Records for the exercise ::
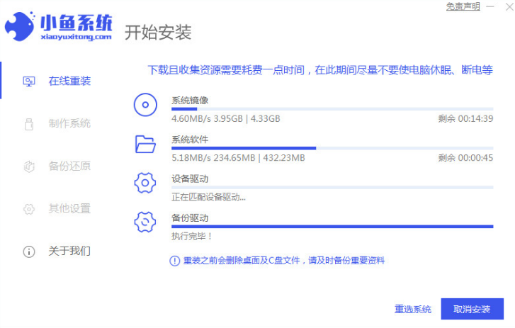 5.小鱼自动开始安装win10系统,等待安装完成重启电脑进入新系统。
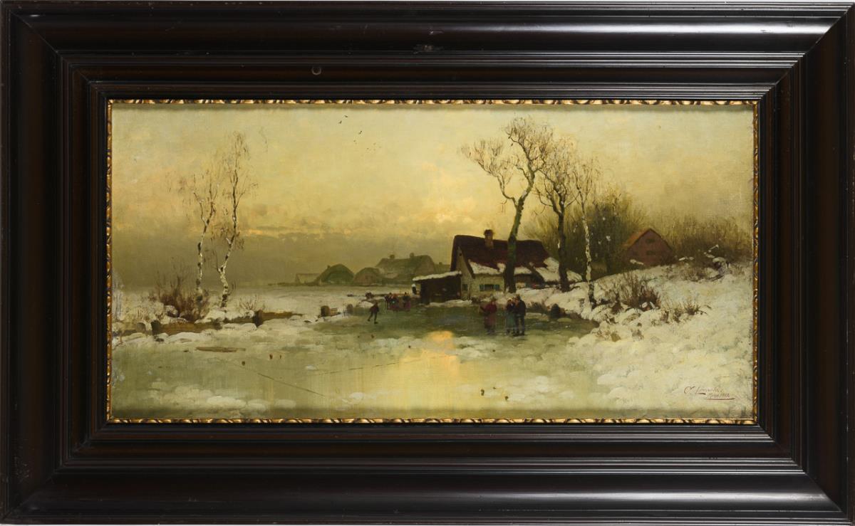 Staffagefiguren auf dem gefrorenen Fluss in weiter verschneiter Dorflandschaft. Altersspuren.
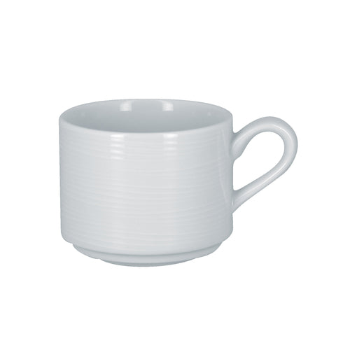 Helm Coffee Cup, 6-3/4 oz., with handle, stackable, fridge/freezer/oven/microwave/dishwasher safe, Polaris porcelain, white
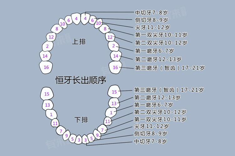 - 进入恒牙阶段,孩子的牙齿将经历一次重要的替换过程。6岁左右,孩子会萌出第一颗恒牙,即六龄齿,随后乳牙逐渐被恒牙替换。大约在12-14岁,除第三磨牙外的其他恒牙能够基本长齐。需要注意的是,恒牙的生长和替换过程可能因个体差异而有所不同,家长应耐心观察并给予适当的护理。
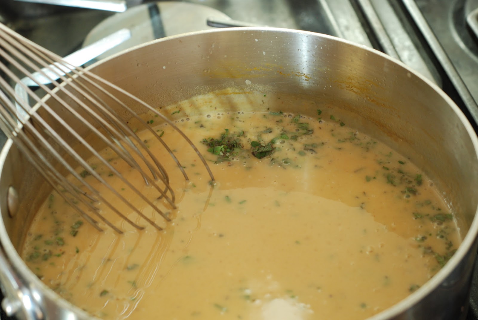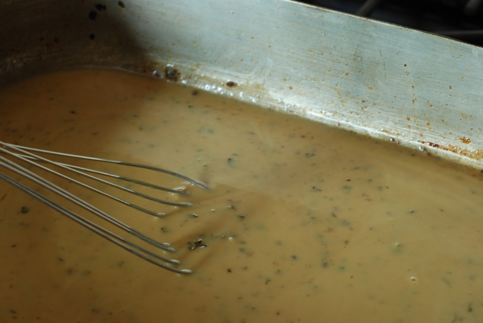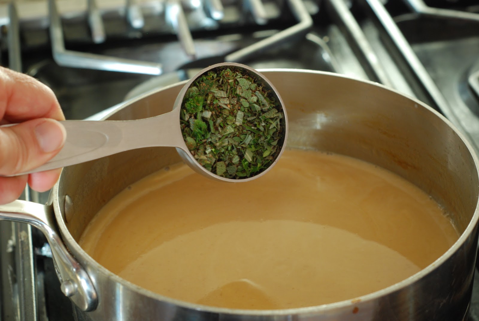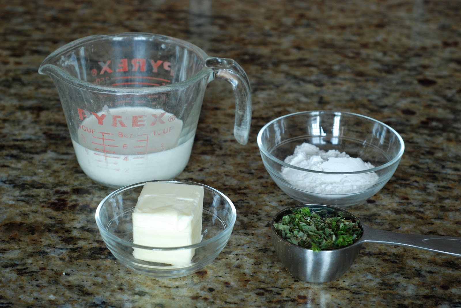 For the remaining gravy base you will need flour, butter, cream and the 1/4 cup fresh herbs that were reserved earlier.
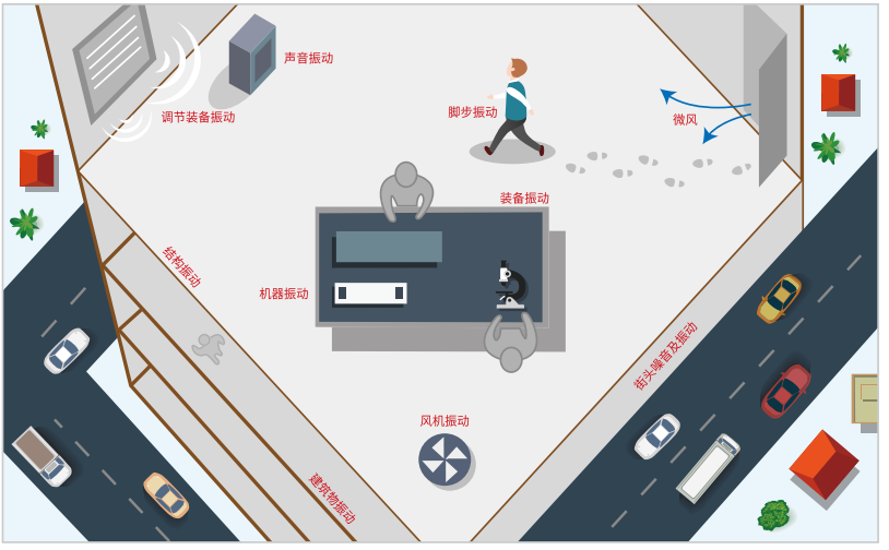振動是指在基準(zhǔn)位置上產(chǎn)生的機(jī)械式搖動,也就是說,構(gòu)造物或地板等受動態(tài)外力之后,隨著時(shí)間推 移,開始從運(yùn)動平衡位置產(chǎn)生重復(fù)運(yùn)動的現(xiàn)象。在各種振動中,地基振動是我們能夠感覺到的較重振動,但也有很多我們在日常生活中難以感知的微細(xì)振動,這種微細(xì)振動會給半導(dǎo)體工程設(shè)備、 電子顯微鏡、精密測量器、 光學(xué)及光學(xué)相關(guān)機(jī)器之類對振動敏感的超精密設(shè)備性能帶來影響。

Exercise :: Transcribe the entries above word for word, but leave every picture out of your copy.

Output of the exercise ::
 5.小鱼自动开始安装win10系统,等待安装完成重启电脑进入新系统。
 Staffagefiguren auf dem gefrorenen Fluss in weiter verschneiter Dorflandschaft. Altersspuren.
 Helm Coffee Cup, 6-3/4 oz., with handle, stackable, fridge/freezer/oven/microwave/dishwasher safe, Polaris porcelain, white
 - 进入恒牙阶段,孩子的牙齿将经历一次重要的替换过程。6岁左右,孩子会萌出第一颗恒牙,即六龄齿,随后乳牙逐渐被恒牙替换。大约在12-14岁,除第三磨牙外的其他恒牙能够基本长齐。需要注意的是,恒牙的生长和替换过程可能因个体差异而有所不同,家长应耐心观察并给予适当的护理。
 For the remaining gravy base you will need flour, butter, cream and the 1/4 cup fresh herbs that were reserved earlier.
振動是指在基準(zhǔn)位置上產(chǎn)生的機(jī)械式搖動,也就是說,構(gòu)造物或地板等受動態(tài)外力之后,隨著時(shí)間推 移,開始從運(yùn)動平衡位置產(chǎn)生重復(fù)運(yùn)動的現(xiàn)象。在各種振動中,地基振動是我們能夠感覺到的較重振動,但也有很多我們在日常生活中難以感知的微細(xì)振動,這種微細(xì)振動會給半導(dǎo)體工程設(shè)備、 電子顯微鏡、精密測量器、 光學(xué)及光學(xué)相關(guān)機(jī)器之類對振動敏感的超精密設(shè)備性能帶來影響。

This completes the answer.